Records provided
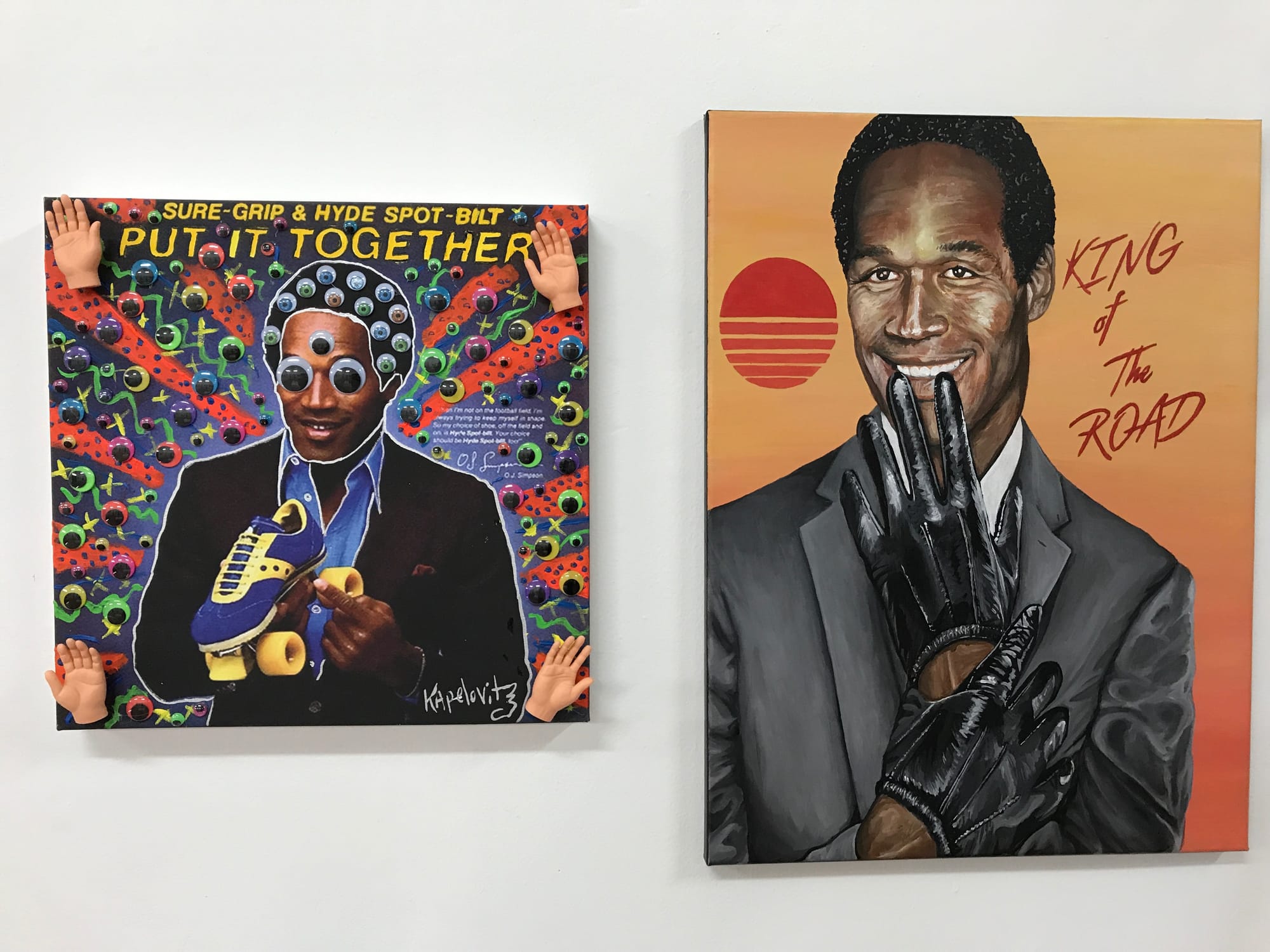 Riding this wave of interest, a pop-up exhibition of O.J. memorabilia and art opened over the weekend at Chinatown’s Coagula Curatorial. The O.J. Simpson Museum, curated by self-described O.J. expert Adam Papagan, features original artwork by various artists, related T-shirts and media dating back to the time of the trial, and other merchandise that captures the mania around the case. It may be obvious to point out what this “museum” is not: a tasteful or critical overview of the O.J. Simpson story with nuanced takes on the intersection of race, culture, and celebrity. For those things, you’re better off watching the aforementioned documentary, directed by Ezra Edelman, or reading Birth of a Nation’hood: Gaze, Script, and Spectacle in the O.J. Simpson Case, an anthology of essays by the likes of Toni Morrison and Kimberlé Williams Crenshaw.
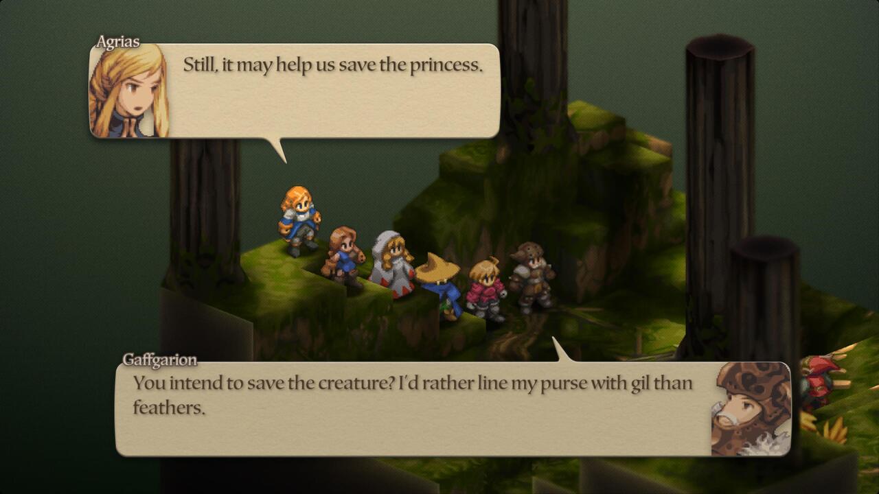 A nagyobb fordulatokra emlékeztem, mert nem egyszer öltem bele annak idején több tíz órát az egészbe, de a kisebb, régen jelentéktelennek tűnő dolgok most jobban estek felnőtt fejjel. Még mindig lenyűgöz ahogy megalkották és felépítették a játékot – konkrétan egy dioráma mindig az aktuális „pálya”, ami nagyon hangulatos. Persze minden szebb lett, például a víz jelentősen javult, a színek is élénkebbek, a karakterek jobban mutatnak, és még egy kis vizuális elemet is hozzáadtak a beszédablakokhoz, ahogy jár a piciny szájuk. Olyan mellékszereplők is kaptak szöveget, akik régen nem, valamint a szövegkönyvet is átírták kissé, hogy jobban menjen a beszédhez. Aki szereti a politikát az örülhet, mert egy külön kis menüben meg lehet nézegetni, hogy a történet pontjain melyik figura mit csinált – ez a Final Fantasy XVI-ban látotthoz hasonló kissé, csak egyszerűbb.
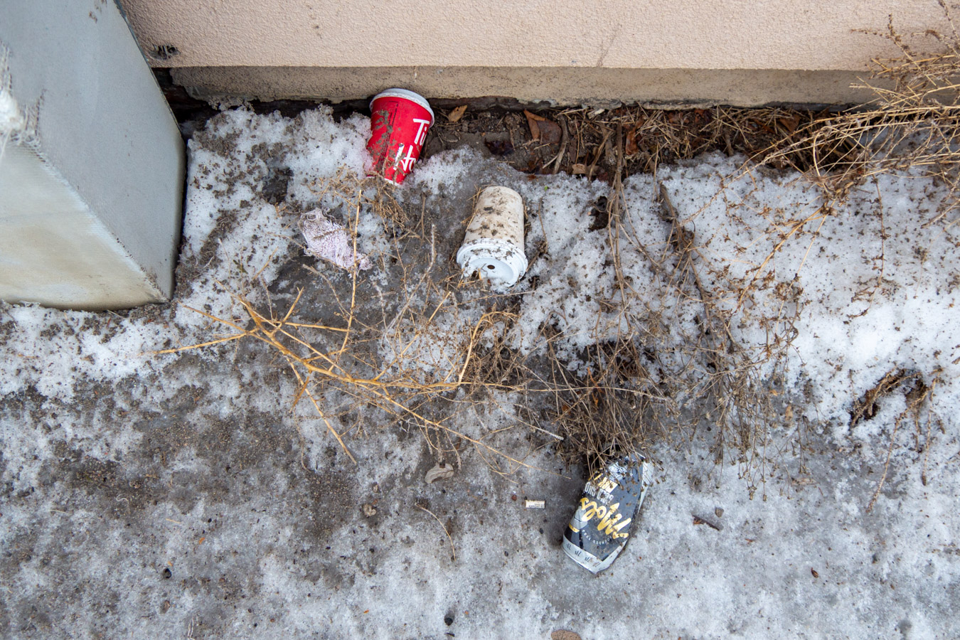 Trash in context. You are never more than 3 metres away from a Tin Hortons cup.
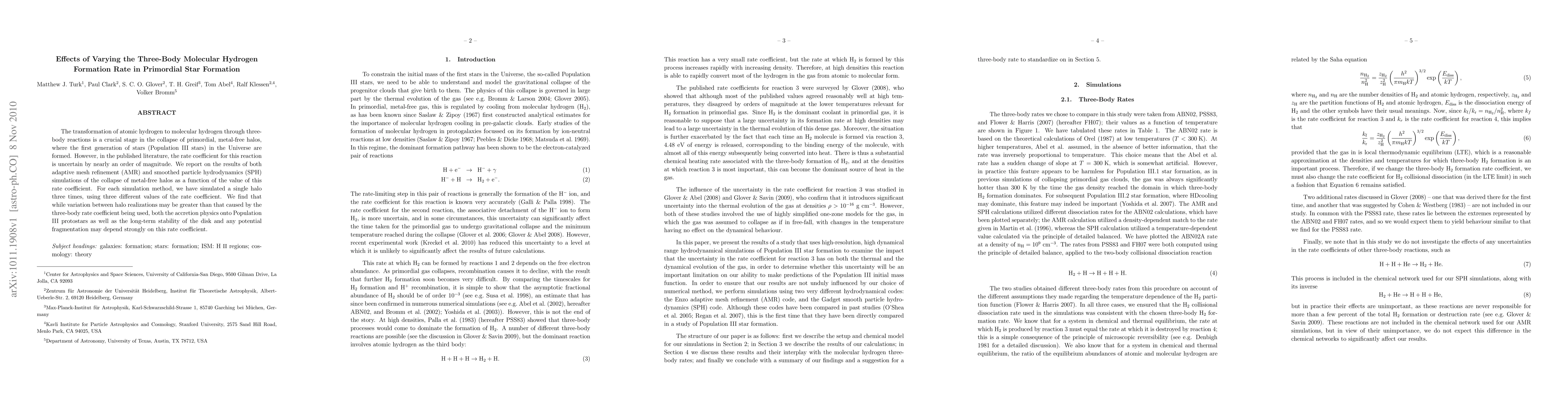 The transformation of atomic hydrogen to molecular hydrogen through three-body reactions is a crucial stage in the collapse of primordial, metal-free halos, where the first generation of stars (Population III stars) in the Universe are formed. However, in the published literature, the rate coefficient for this reaction is uncertain by nearly an order of magnitude. We report on the results of both adaptive mesh refinement (AMR) and smoothed particle hydrodynamics (SPH) simulations of the collapse of metal-free halos as a function of the value of this rate coefficient. For each simulation method, we have simulated a single halo three times, using three different values of the rate coefficient. We find that while variation between halo realizations may be greater than that caused by the three-body rate coefficient being used, both the accretion physics onto Population III protostars as well as the long-term stability of the disk and any potential fragmentation may depend strongly on this rate coefficient.
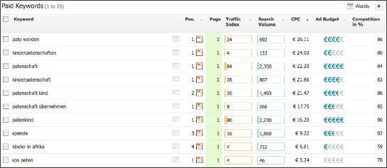Wer bei Google Adwords beispielsweise auf das Keyword „spende“ bieten möchte, muss aktuell mit einem durchschnittlichen Cost-per-Click von um die neun Euro rechnen. Noch teurer sind Anzeigen zu Keywords rund um das Thema Patenschaft, sichern diese den Organisationen doch keine einmaligen Spenden, sondern einen regelmäßigen Mittelzufluß. So rangierten die Keywords „kinderpatenschaft“ und „patenschaft“ im Jahr 2015 laut Searchmetrics mit einem CPC von 26,74 Euro bzw. 24,59 Euro in der Top 50 der teuersten Keywords. Aktuell beträgt der durchschnittliche CPC zum Keyword „patenschaft“ 22,20 Euro; das Keyword-Kombination „pate werden“ schlägt mit 26,11 Euro zu Buche.
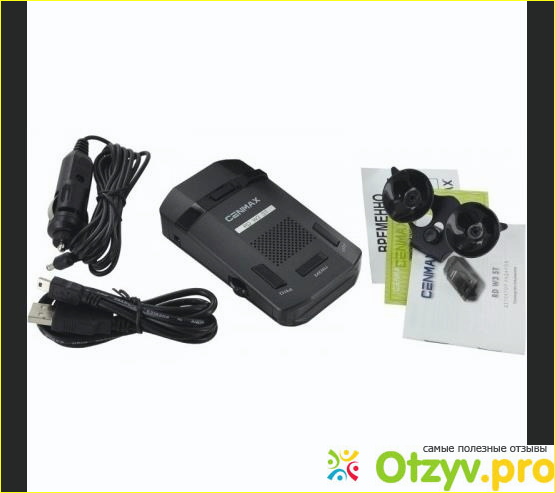 Inspector Cenmax RD W3 ST, Black радар-детектор сделан в Китае, по способу крепления он держится на специальной присоске, как и многие антирадары. Питается он от автомобильной сети. В комплект к антирадару входят еще держатель для него, запитывающий кабель, кабель USB, а также инструкция по применению.
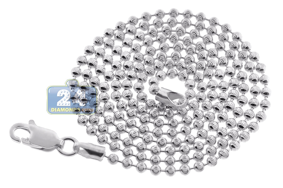 925 Sterling Silver Army Moon Cut Bead Unisex Chain 2 mm

Assigned task
Leaving out all pictures, print exactly the lines above from the one containing "Wer bei Google" through the last line of the entries.

Solution to this problem
Wer bei Google Adwords beispielsweise auf das Keyword „spende“ bieten möchte, muss aktuell mit einem durchschnittlichen Cost-per-Click von um die neun Euro rechnen. Noch teurer sind Anzeigen zu Keywords rund um das Thema Patenschaft, sichern diese den Organisationen doch keine einmaligen Spenden, sondern einen regelmäßigen Mittelzufluß. So rangierten die Keywords „kinderpatenschaft“ und „patenschaft“ im Jahr 2015 laut Searchmetrics mit einem CPC von 26,74 Euro bzw. 24,59 Euro in der Top 50 der teuersten Keywords. Aktuell beträgt der durchschnittliche CPC zum Keyword „patenschaft“ 22,20 Euro; das Keyword-Kombination „pate werden“ schlägt mit 26,11 Euro zu Buche.
 Inspector Cenmax RD W3 ST, Black радар-детектор сделан в Китае, по способу крепления он держится на специальной присоске, как и многие антирадары. Питается он от автомобильной сети. В комплект к антирадару входят еще держатель для него, запитывающий кабель, кабель USB, а также инструкция по применению.
 925 Sterling Silver Army Moon Cut Bead Unisex Chain 2 mm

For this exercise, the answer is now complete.